Каждый раз, когда она, возвращаясь мыслями на землю, заставала себя в таком состоянии, она повторяла, не вполне понимая, что имеет в виду: «Еще немного терпения… Еще немного…»
Наступил май. От матери Кэйскэ время от времени приходили длинные письма, полные слов сочувствия и вопросов о здоровье. Сам Кэйскэ писем почти не присылал. Наоко находила, что это совершенно в его духе, и так, в конечном счете, было даже лучше – он меньше ограничивал ее свободу. Даже если она чувствовала себя хорошо и вставала с постели, то перед тем, как отвечать свекрови, непременно ложилась обратно и писала лежа, с трудом водя карандашом по бумаге. Это помогало скрыть, в каком состоянии она сочиняла свои письма. Будь адресатом не свекровь, а более прямодушный Кэйскэ, она, вероятно, не устояла бы перед соблазном помучить его и не смогла бы долго скрывать радость, которую переживала теперь, в полном одиночестве возвращаясь к жизни.
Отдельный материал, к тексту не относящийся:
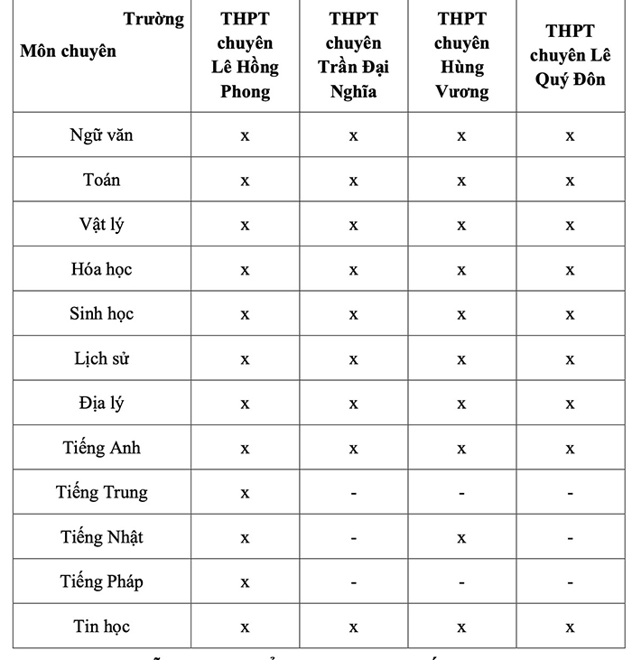 Thí sinh đăng ký bài thi chuyên Anh (theo Đề án 5695) và không học tích hợp (theo Đề án 5695) ở cấp THCS cần liên hệ 2 Trường THPT chuyên Lê Hồng Phong và THPT chuyên Trần Đại Nghĩa để tìm hiểu và được tư vấn đầy đủ về mô hình học tập, học phí và cách chọn môn tự chọn theo Chương trình GDPT 2018 nếu trúng tuyển.

Тем не менее иногда она чуть слышно говорила вполголоса, словно жалея себя, постепенно впадающую в отсутствии других людей в самолюбование:
– Бедная Наоко. Отталкиваешь окружающих, превозносишь саму себя… Тебе правда кажется, будто ты настолько хороша? Ты свято веришь: именно это – твое настоящее «я» и ради него можно пойти на многое; но не получится ли так, что однажды ты очнешься и увидишь: то, что ты защищала, не имеет никакой ценности?
Она знала: чтобы отвлечься в такие минуты от непрошеных мыслей, достаточно посмотреть за окно. Там ветер без конца шелестел листьями, и они поворачивались то темной, то светлой стороной, источая приятный аромат.
– Сколько же вокруг деревьев… Какое благоухание!..
Как-то днем Наоко отправилась на осмотр – спустилась на первый этаж, пошла вдоль по коридору и тут у дверей двадцать седьмой палаты заметила одетого в белый свитер молодого человека: он стоял, закрыв лицо руками, и всхлипывал, видимо, не в силах остановить слезы. На вид очень тихий и сдержанный, он приехал сопровождающим вместе с тяжелобольной девушкой – они были помолвлены. Несколько дней назад состояние его невесты резко ухудшилось; молодой человек с покрасневшими глазами безостановочно ходил от палаты до врачебного кабинета и обратно, и в коридоре в любой момент можно было видеть его неизменный белый свитер… «Все-таки не вы́ходили, какая жалость…» – с этой мыслью Наоко торопливо прошла дальше по коридору – ей было больно глядеть на беспомощную фигуру молодого человека.
Проходя мимо сестринской, Наоко, ощутив внезапный интерес, подошла поближе и спросила про девушку: оказалось, совсем недавно ей, словно по волшебству, стало лучше, и состояние ее перестало вызывать опасения. Узнав об этом, молодой человек, до тех пор безотлучно, с абсолютно спокойным видом сидевший у изголовья тяжелобольной невесты, внезапно оставил свое место подле нее и выбежал за дверь палаты. А там, где девушка не могла его видеть, внезапно разразился такими слезами радости, что всхлипы были слышны даже ей…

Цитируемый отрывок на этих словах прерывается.